6. **Set up waste cleanup** -- Use `ResourceCleanup` with `dry_run=True` first. Review the proposed actions, then switch to `dry_run=False` for automated cleanup of unattached volumes and unused IPs.

7. **Configure scheduling** -- Set up `ResourceScheduler` with schedule rules for non-production resources. Tag instances with schedule identifiers and define business-hours start/stop rules.

8. **Enable reporting** -- Configure Slack webhooks and/or SMTP for automated daily reports. Run the daily report example as a cron job or scheduled task.

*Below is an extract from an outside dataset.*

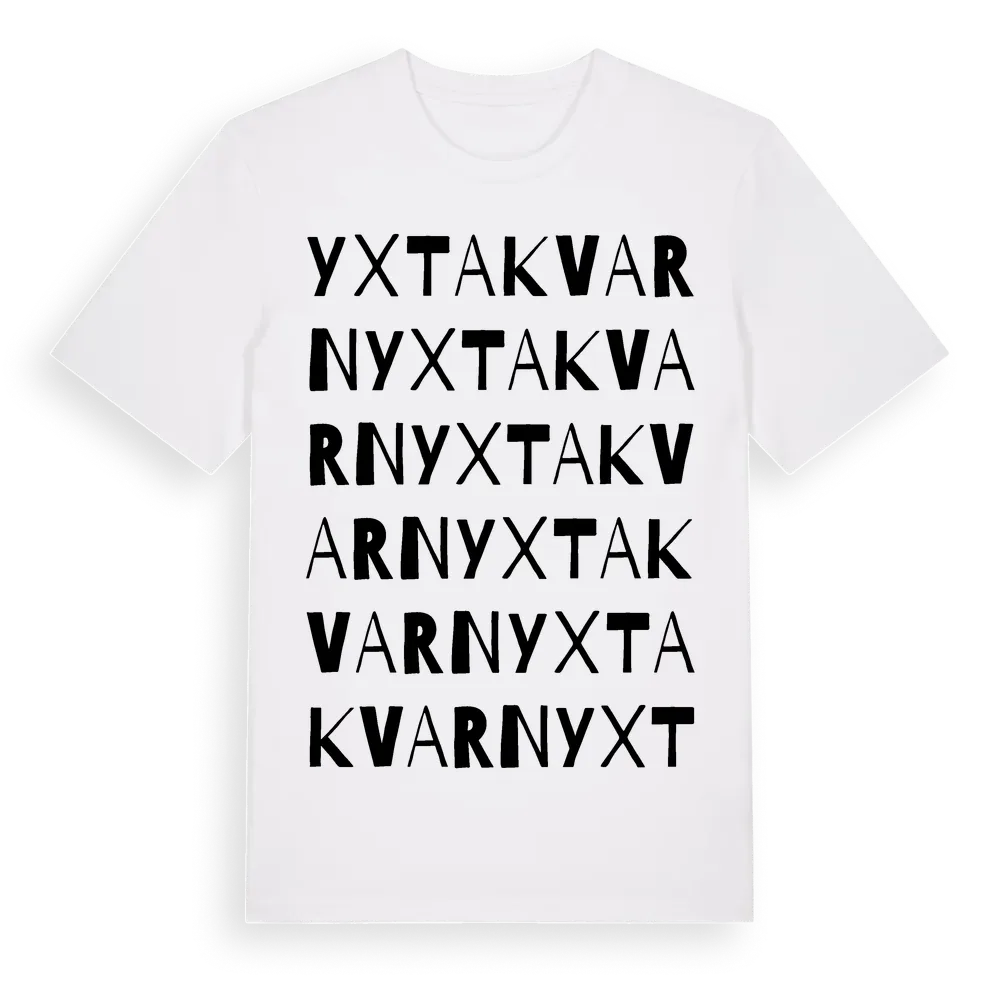 Yxtakvarn ordlek t-shirt är inspirerad av byn Yxtakvarn i Södermanlands län, Sverige. Tröjan är designad för dig som har en speciell koppling till platsen – oavsett om du bor här, har rötterna här eller bara älskar Yxtakvarn.

9. **Evaluate reservations** -- Review `ReservedInstanceAdvisor` recommendations for services with consistent usage. Use `ReservationPurchaser.preview_purchase()` before committing.

## Documentation Links

- [AWS Cost Explorer API](https://docs.aws.amazon.com/cost-management/latest/userguide/ce-api.html) -- AWS Cost Explorer API reference for cost and usage queries.
- [Azure Cost Management](https://learn.microsoft.com/en-us/azure/cost-management-billing/costs/) -- Azure Cost Management query API and cost analysis.
- [GCP Cloud Billing API](https://cloud.google.com/billing/docs/reference/rest) -- GCP Billing API for programmatic cost data access.
- [FinOps Framework](https://www.finops.org/framework/) -- The FinOps Foundation framework for cloud financial management best practices.

## Project Structure

```
ai-finops-optimization-agent/
├── src/
│ ├── finops_agent.py # Main agent orchestrating the full pipeline
│ ├── config.py # Multi-cloud configuration management
│ ├── collectors/
│ │ ├── aws_costs.py # AWS Cost Explorer + EC2 + CloudWatch
│ │ ├── azure_costs.py # Azure Cost Management + Compute + Monitor
│ │ └── gcp_costs.py # GCP Billing (BigQuery) + Compute Engine
│ ├── analyzers/
│ │ ├── anomaly_detector.py # Z-score anomaly detection + LLM explanations
│ │ ├── rightsizing.py # Instance rightsizing recommendations
│ │ ├── reserved_advisor.py # RI/Savings Plan advisor
│ │ └── waste_finder.py # Idle/orphaned resource detection
│ ├── optimizers/
│ │ ├── scheduler.py # Start/stop scheduling for non-prod
│ │ ├── cleanup.py # Safe resource cleanup with dry-run
│ │ └── reservation.py # RI/SP purchase with approval workflow
│ └── reporters/
│ ├── dashboard.py # JSON dashboard data generator
│ ├── slack_reporter.py # Slack webhook cost reports
│ └── email_reporter.py # HTML/text email cost reports
├── examples/
│ ├── daily_report.py # Daily cost report example
│ ├── find_waste.py # Waste detection example
│ └── rightsizing_analysis.py # Rightsizing analysis example
├── requirements.txt
├── pyproject.toml
├── LICENSE
└── CHANGELOG.md
```

## License

This project is licensed under the MIT License. See [LICENSE](LICENSE) for details.